WORK ORDER:
When you reach the line containing "- Прочность и", please repeat it and every line after it exactly, through the end of the listing below, skipping pictures.

DATASET SECTION:
-------

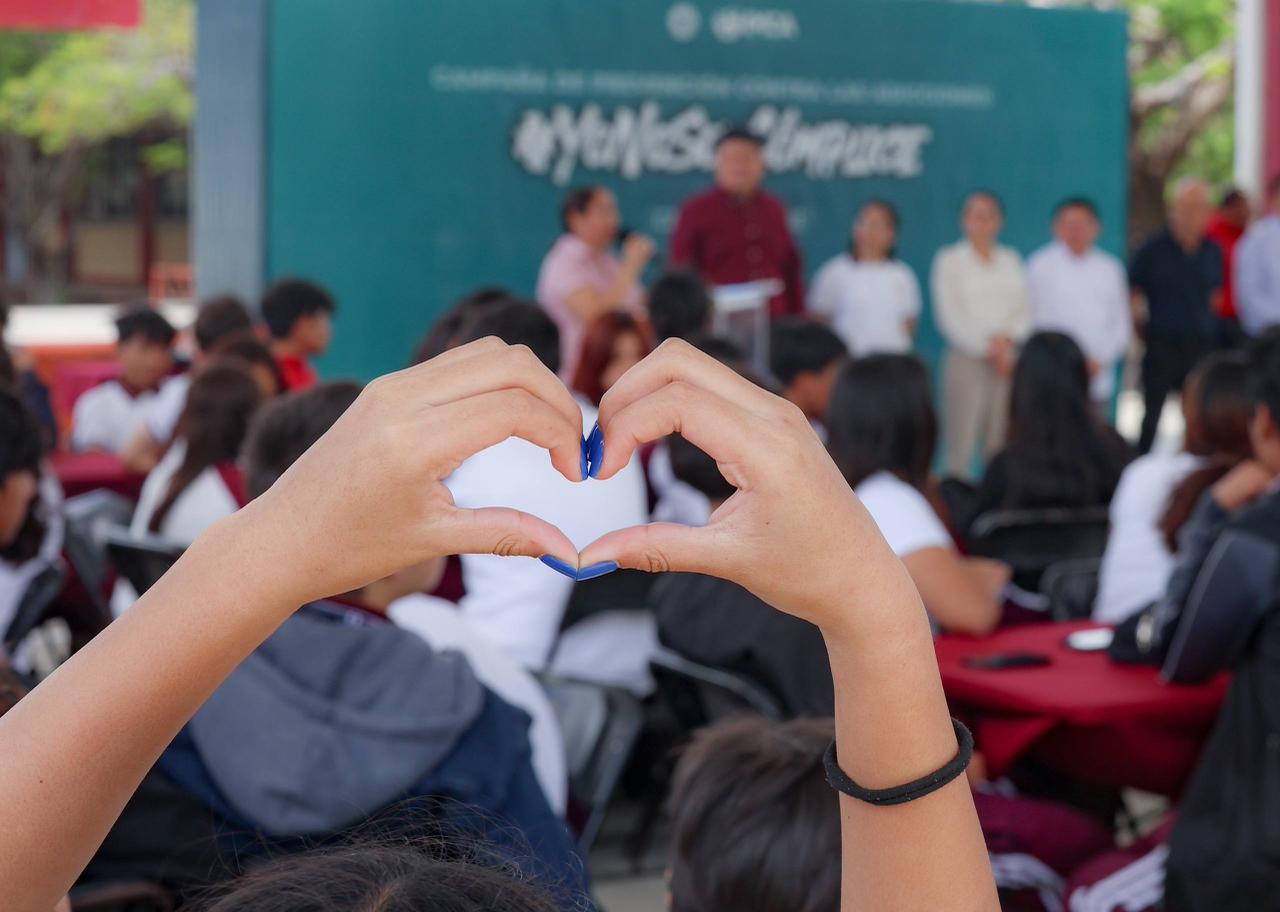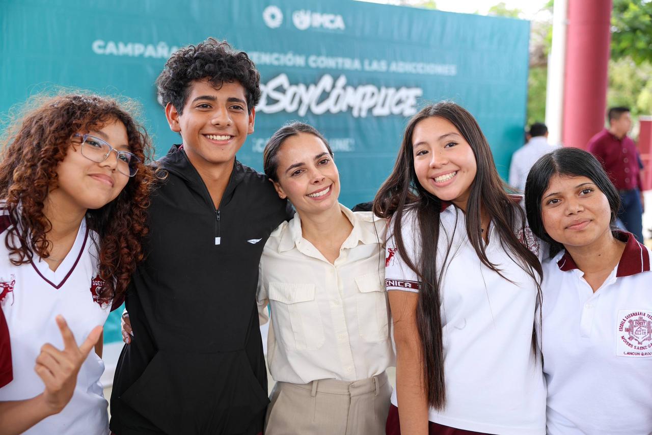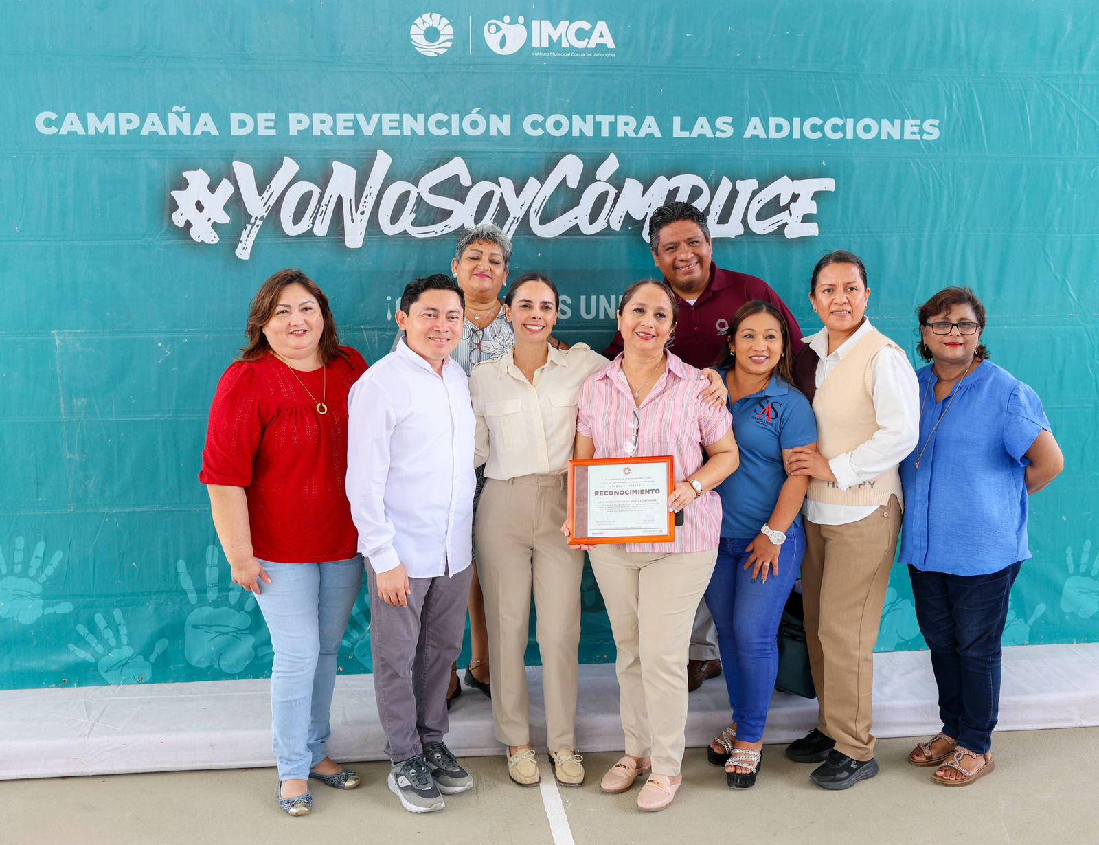 Cancún, Q. R., a 11 de febrero de 2026.– La Presidenta Municipal, Ana Paty Peralta, entregó el reconocimiento “Yo no soy cómplice” a la secundaria técnica No. 11 “Moisés Sáenz Garza”, por su apoyo y compromiso hacia los programas y actividades que realiza de manera permanente el Instituto Municipal Contra las Adicciones (IMCA) bajo el mismo nombre, para que la comunidad estudiantil viva libre de cualquier adicción, luego de la capacitación sobre varios temas a 160 alumnos.
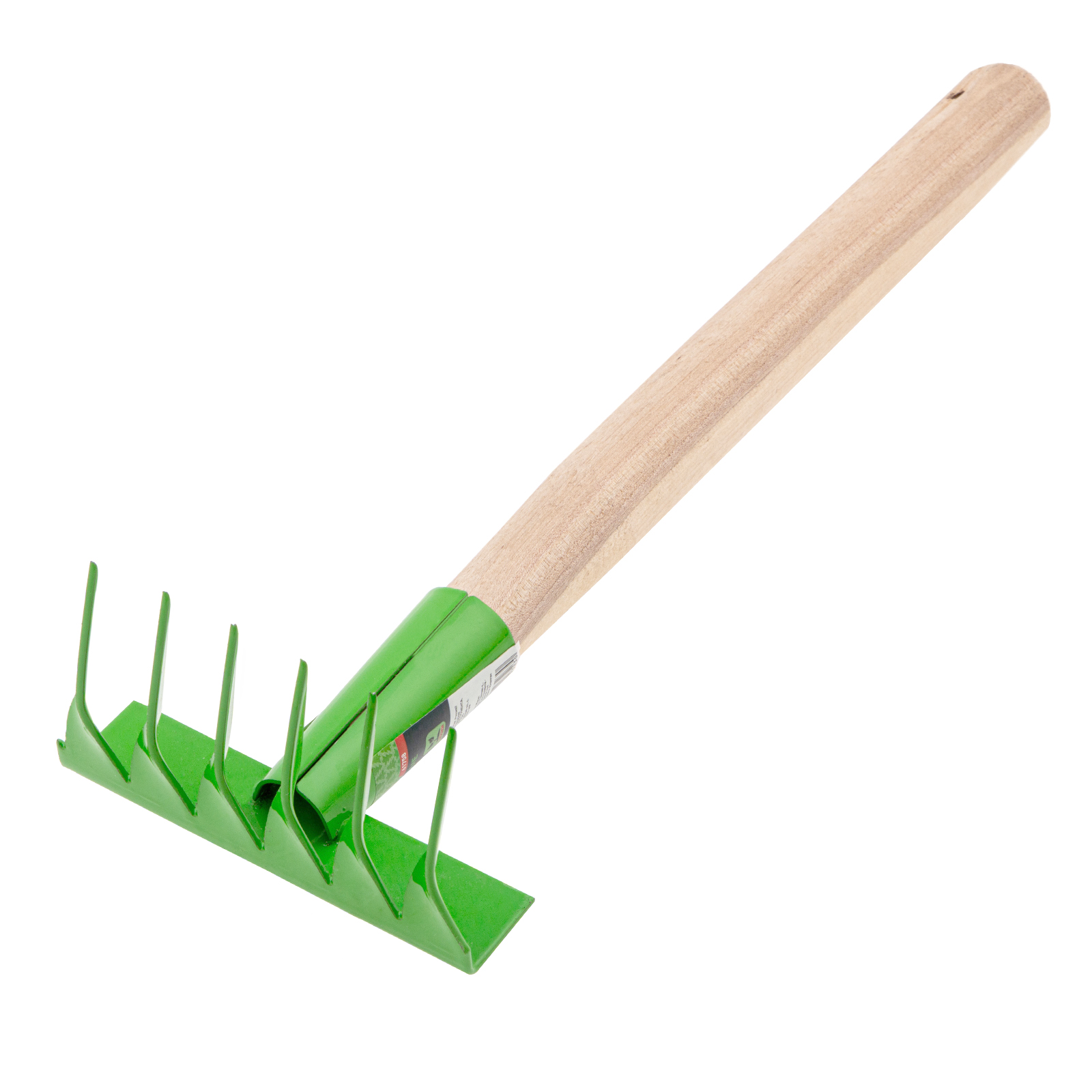 - Прочность и долговечность — рабочая часть с тулейкой выполнены из конструкционной углеродистой стали, грабли отличаются хорошей сопротивляемостью нагрузкам.
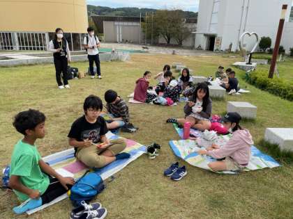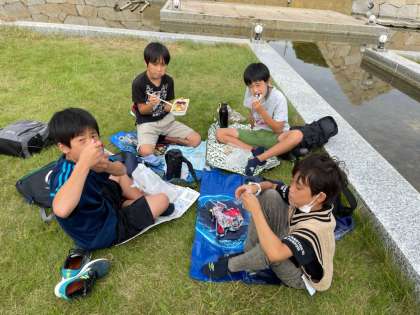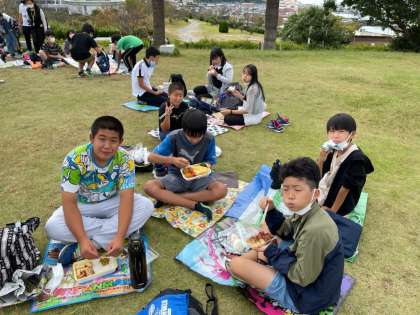 楽しみにしていたお弁当タイム。みんな嬉しそうに頬張っています。外で食べるお弁当は最高です。これも思い出の一つですね。

-------

ANSWER:
 - Прочность и долговечность — рабочая часть с тулейкой выполнены из конструкционной углеродистой стали, грабли отличаются хорошей сопротивляемостью нагрузкам.
 楽しみにしていたお弁当タイム。みんな嬉しそうに頬張っています。外で食べるお弁当は最高です。これも思い出の一つですね。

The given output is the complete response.